Leave the pictures out, and transcribe the material below exactly from the line with "The 35-year-old Duchess" to the line with "Продуманный до мелочей", both lines included.

#### EXTRACTED DATA

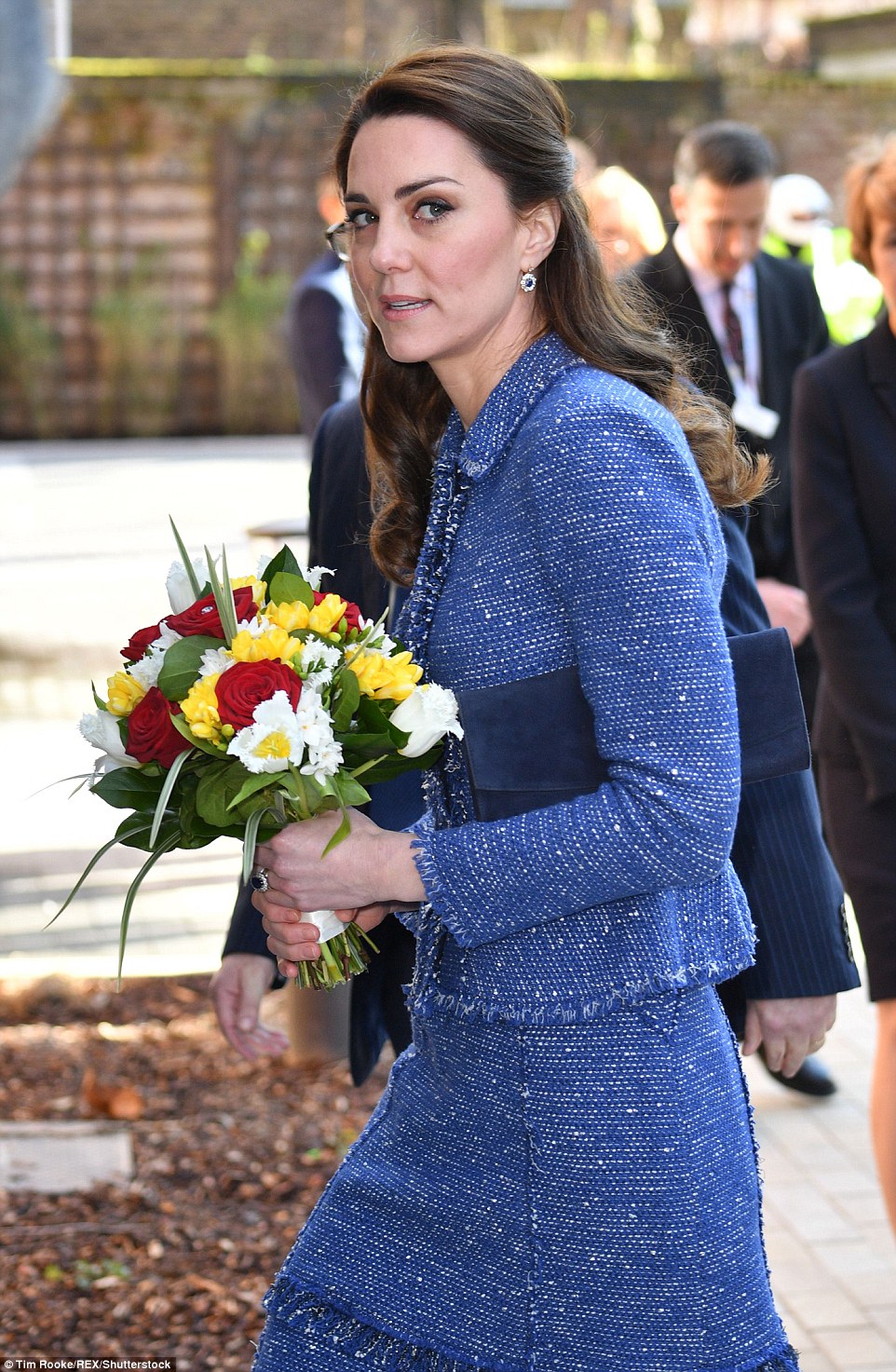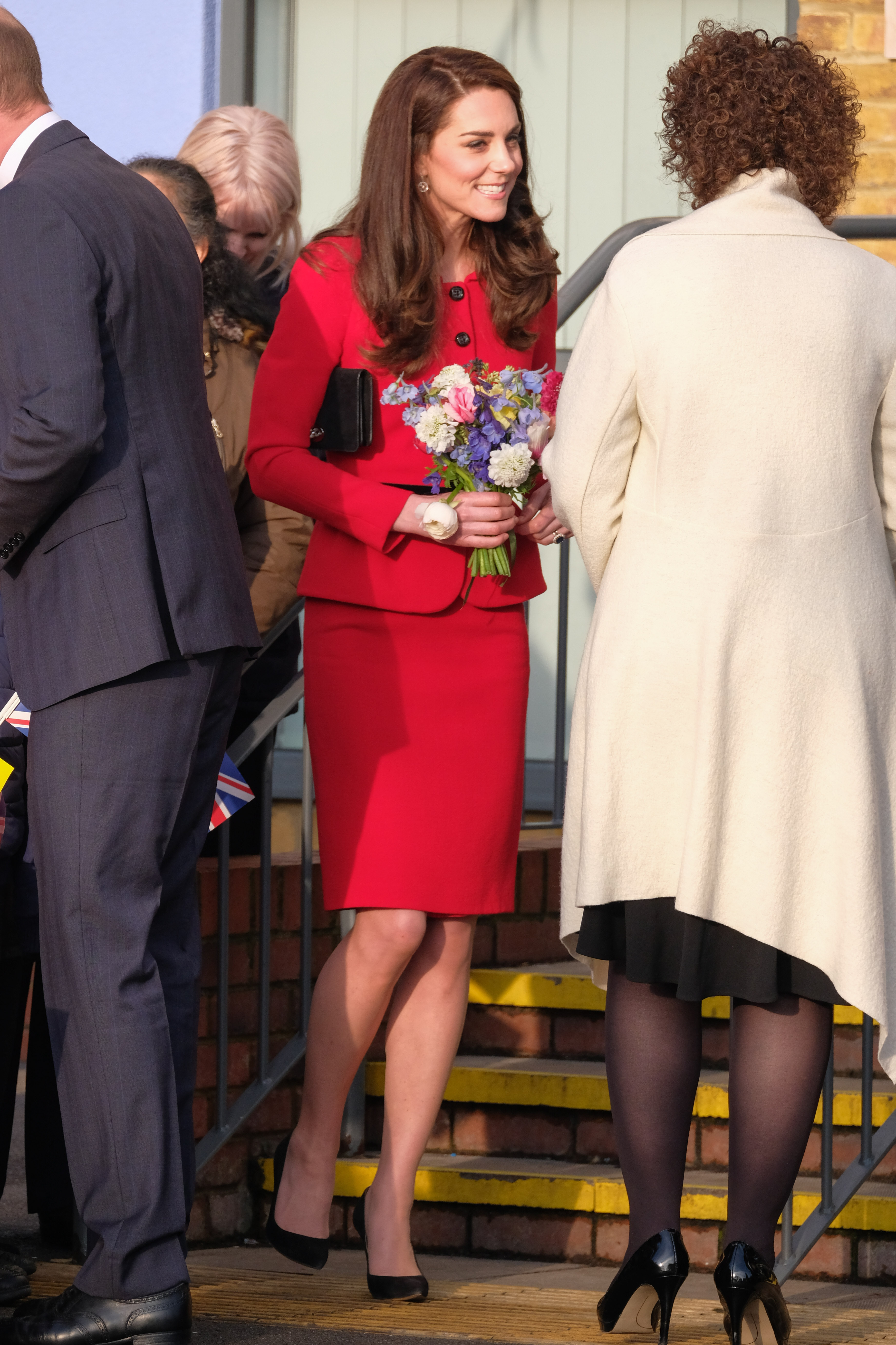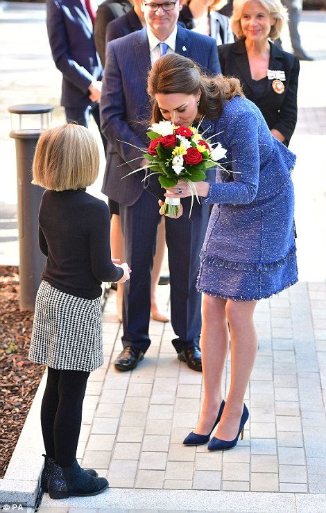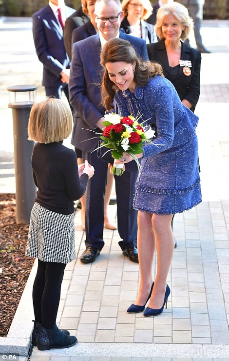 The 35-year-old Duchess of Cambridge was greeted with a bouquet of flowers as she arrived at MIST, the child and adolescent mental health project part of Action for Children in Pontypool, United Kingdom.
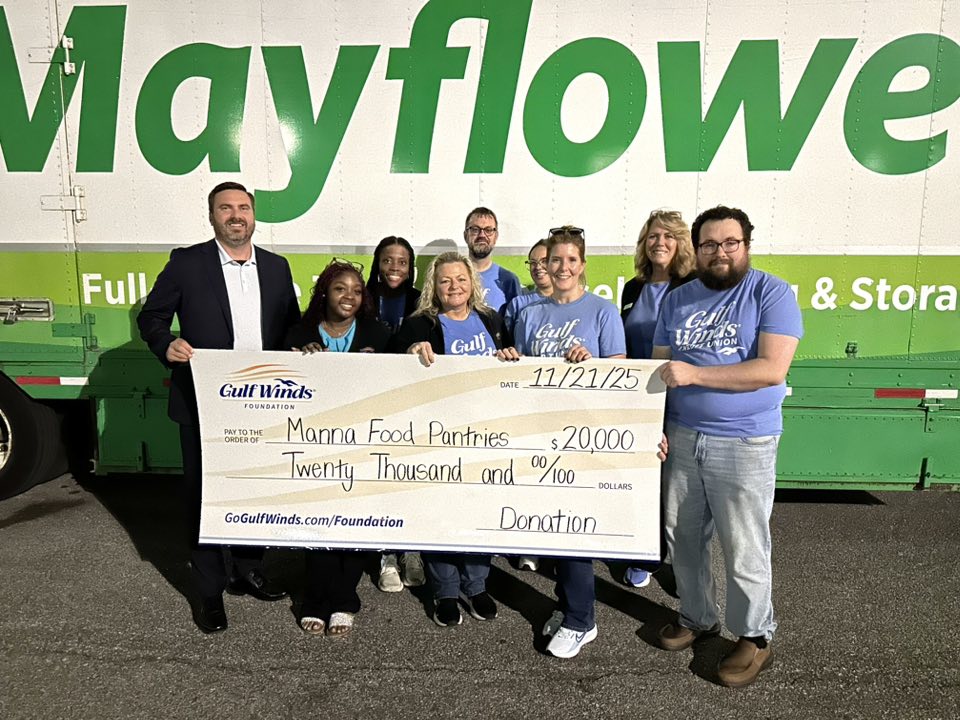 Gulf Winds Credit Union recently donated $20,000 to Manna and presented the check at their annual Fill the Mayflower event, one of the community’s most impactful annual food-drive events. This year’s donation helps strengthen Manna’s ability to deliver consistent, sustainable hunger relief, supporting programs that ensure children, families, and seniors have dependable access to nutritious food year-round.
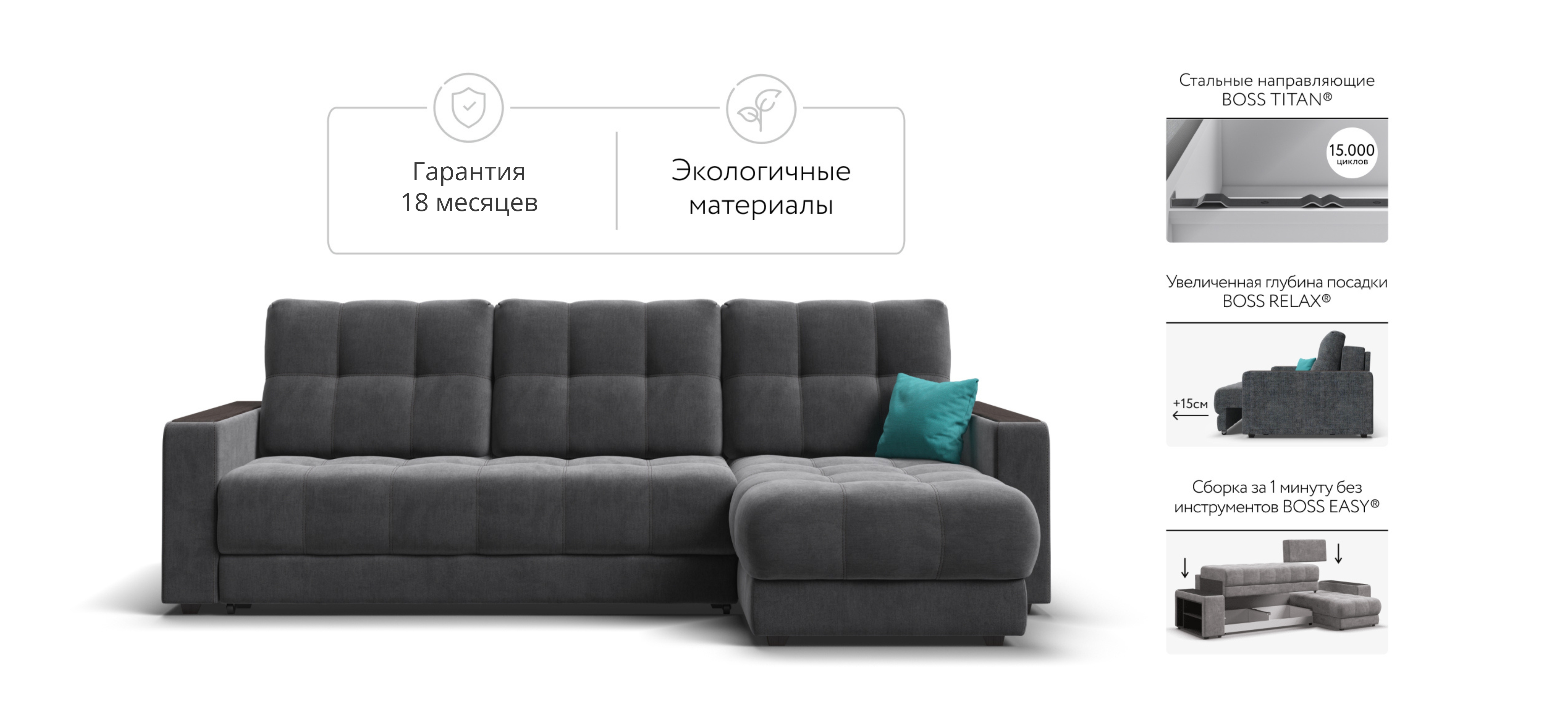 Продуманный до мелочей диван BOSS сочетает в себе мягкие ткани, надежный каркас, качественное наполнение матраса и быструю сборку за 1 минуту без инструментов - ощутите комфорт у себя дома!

########
#### EXTRACTED DATA

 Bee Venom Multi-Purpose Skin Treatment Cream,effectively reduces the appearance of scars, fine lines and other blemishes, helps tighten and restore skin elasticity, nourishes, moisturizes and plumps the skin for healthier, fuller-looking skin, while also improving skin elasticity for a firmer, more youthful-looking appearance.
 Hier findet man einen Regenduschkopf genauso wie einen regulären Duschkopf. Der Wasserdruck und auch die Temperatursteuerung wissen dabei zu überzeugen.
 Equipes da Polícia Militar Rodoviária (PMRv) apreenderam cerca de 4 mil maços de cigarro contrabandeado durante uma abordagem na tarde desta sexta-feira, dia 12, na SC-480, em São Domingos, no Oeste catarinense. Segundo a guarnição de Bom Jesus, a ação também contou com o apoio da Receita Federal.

########
#### EXTRACTED DATA

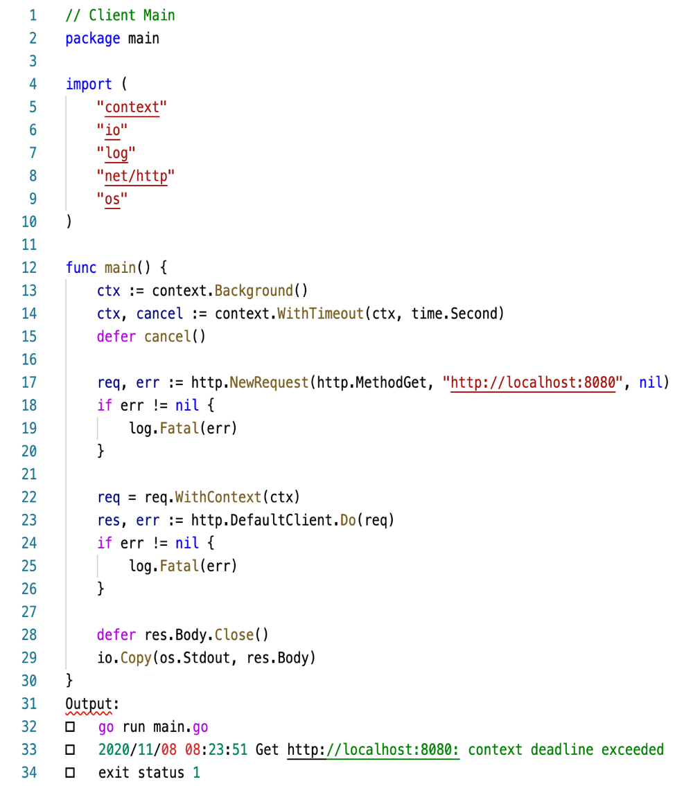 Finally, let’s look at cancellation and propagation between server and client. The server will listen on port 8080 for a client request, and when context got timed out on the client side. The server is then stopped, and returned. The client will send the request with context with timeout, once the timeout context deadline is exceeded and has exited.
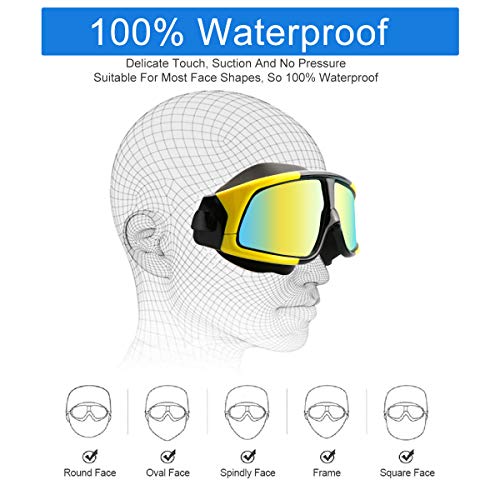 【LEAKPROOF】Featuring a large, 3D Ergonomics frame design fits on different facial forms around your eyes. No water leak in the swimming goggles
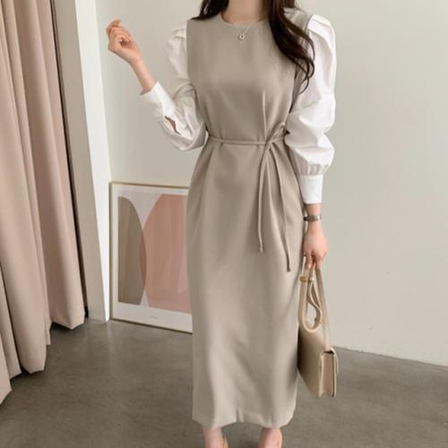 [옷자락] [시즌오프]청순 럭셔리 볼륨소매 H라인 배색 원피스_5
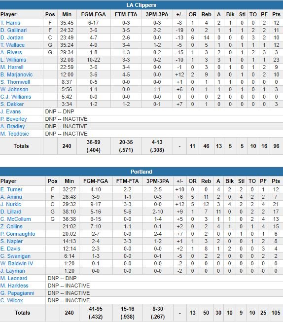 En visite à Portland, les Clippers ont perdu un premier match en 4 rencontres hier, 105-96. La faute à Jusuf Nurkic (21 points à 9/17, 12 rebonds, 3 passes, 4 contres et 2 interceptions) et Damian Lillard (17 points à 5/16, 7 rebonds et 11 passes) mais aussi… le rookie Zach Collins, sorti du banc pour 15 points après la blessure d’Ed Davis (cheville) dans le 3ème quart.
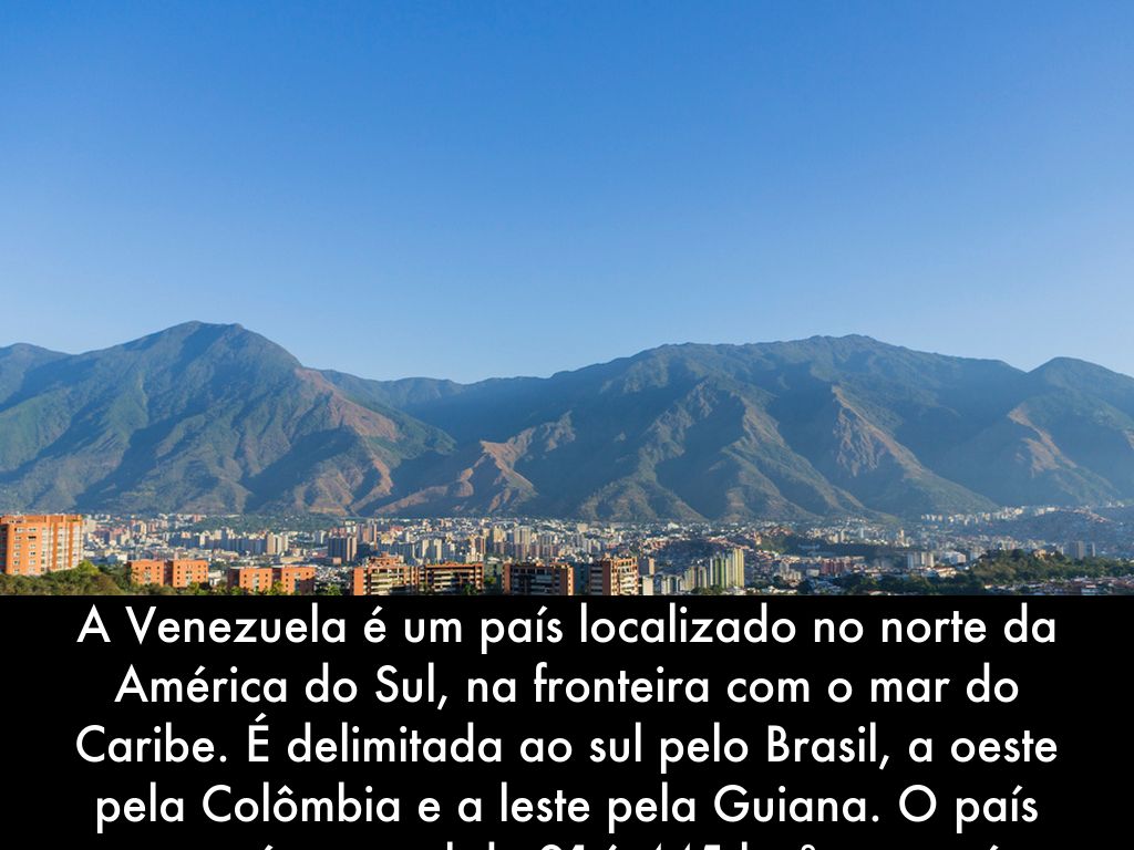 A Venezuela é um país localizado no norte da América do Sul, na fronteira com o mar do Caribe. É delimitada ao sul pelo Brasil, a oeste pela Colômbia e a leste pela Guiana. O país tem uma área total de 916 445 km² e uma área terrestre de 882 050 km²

########

_RESULT OF THIS EXERCISE_:
 The 35-year-old Duchess of Cambridge was greeted with a bouquet of flowers as she arrived at MIST, the child and adolescent mental health project part of Action for Children in Pontypool, United Kingdom.
 Gulf Winds Credit Union recently donated $20,000 to Manna and presented the check at their annual Fill the Mayflower event, one of the community’s most impactful annual food-drive events. This year’s donation helps strengthen Manna’s ability to deliver consistent, sustainable hunger relief, supporting programs that ensure children, families, and seniors have dependable access to nutritious food year-round.
 Продуманный до мелочей диван BOSS сочетает в себе мягкие ткани, надежный каркас, качественное наполнение матраса и быструю сборку за 1 минуту без инструментов - ощутите комфорт у себя дома!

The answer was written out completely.